Problem requirements: In the data below, find the line containing "Hliníková pánev Granite" and the line containing "Missing Link Arcee", then reproduce them and every line between, exactly. Omit pictures.

Supplied material:

▶

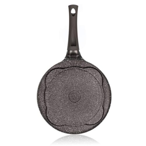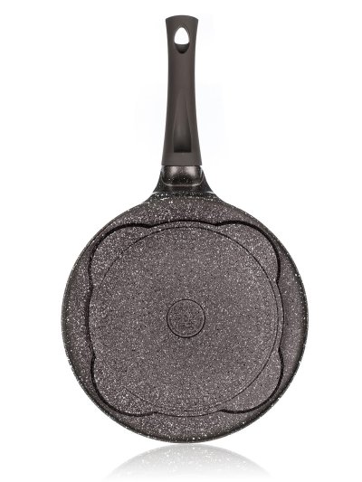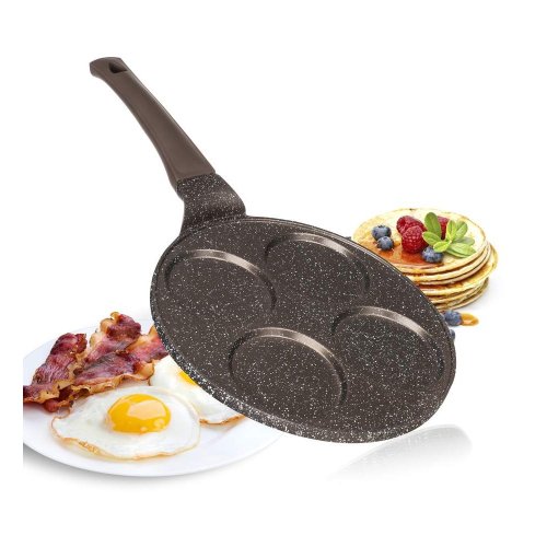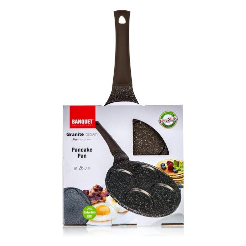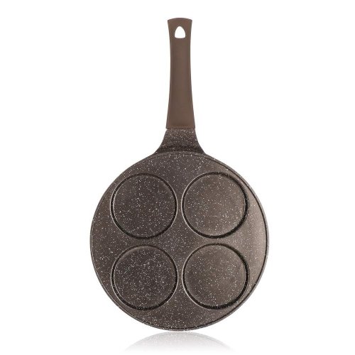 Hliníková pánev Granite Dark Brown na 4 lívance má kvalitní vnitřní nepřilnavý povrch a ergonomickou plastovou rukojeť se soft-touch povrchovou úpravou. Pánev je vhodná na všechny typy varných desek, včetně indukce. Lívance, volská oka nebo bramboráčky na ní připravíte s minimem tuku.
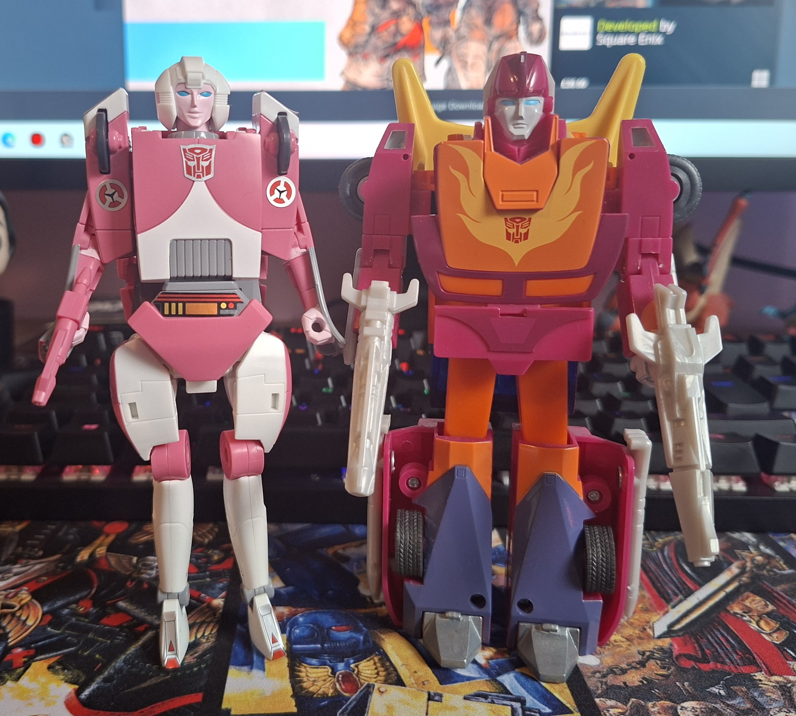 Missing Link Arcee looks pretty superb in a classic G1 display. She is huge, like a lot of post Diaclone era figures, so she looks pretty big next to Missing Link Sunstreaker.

◀
▶

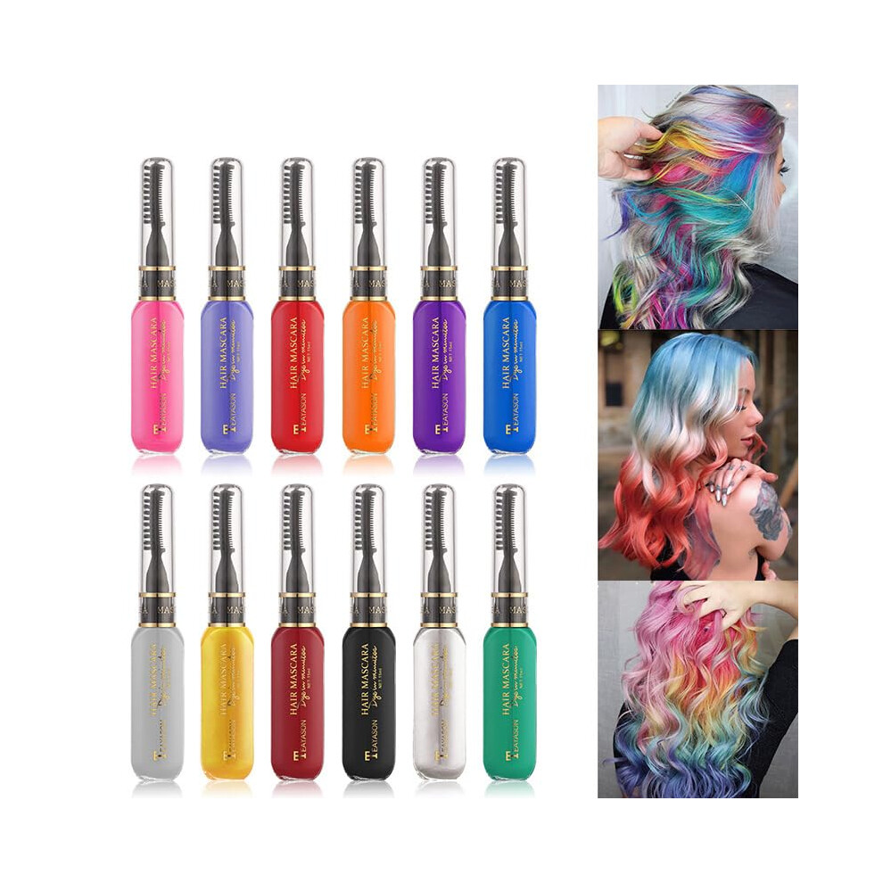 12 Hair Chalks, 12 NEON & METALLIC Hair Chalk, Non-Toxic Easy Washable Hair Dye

◀
▶

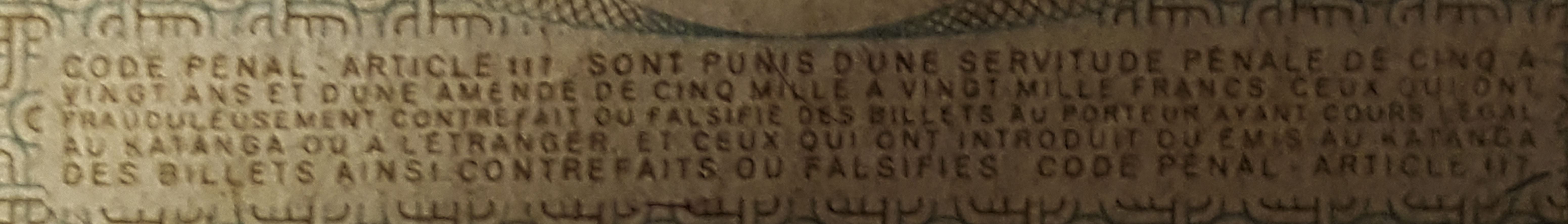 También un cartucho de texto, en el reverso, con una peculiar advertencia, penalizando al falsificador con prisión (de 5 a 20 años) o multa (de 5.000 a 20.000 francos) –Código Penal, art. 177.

◀

Problem solution:
 Hliníková pánev Granite Dark Brown na 4 lívance má kvalitní vnitřní nepřilnavý povrch a ergonomickou plastovou rukojeť se soft-touch povrchovou úpravou. Pánev je vhodná na všechny typy varných desek, včetně indukce. Lívance, volská oka nebo bramboráčky na ní připravíte s minimem tuku.
 Missing Link Arcee looks pretty superb in a classic G1 display. She is huge, like a lot of post Diaclone era figures, so she looks pretty big next to Missing Link Sunstreaker.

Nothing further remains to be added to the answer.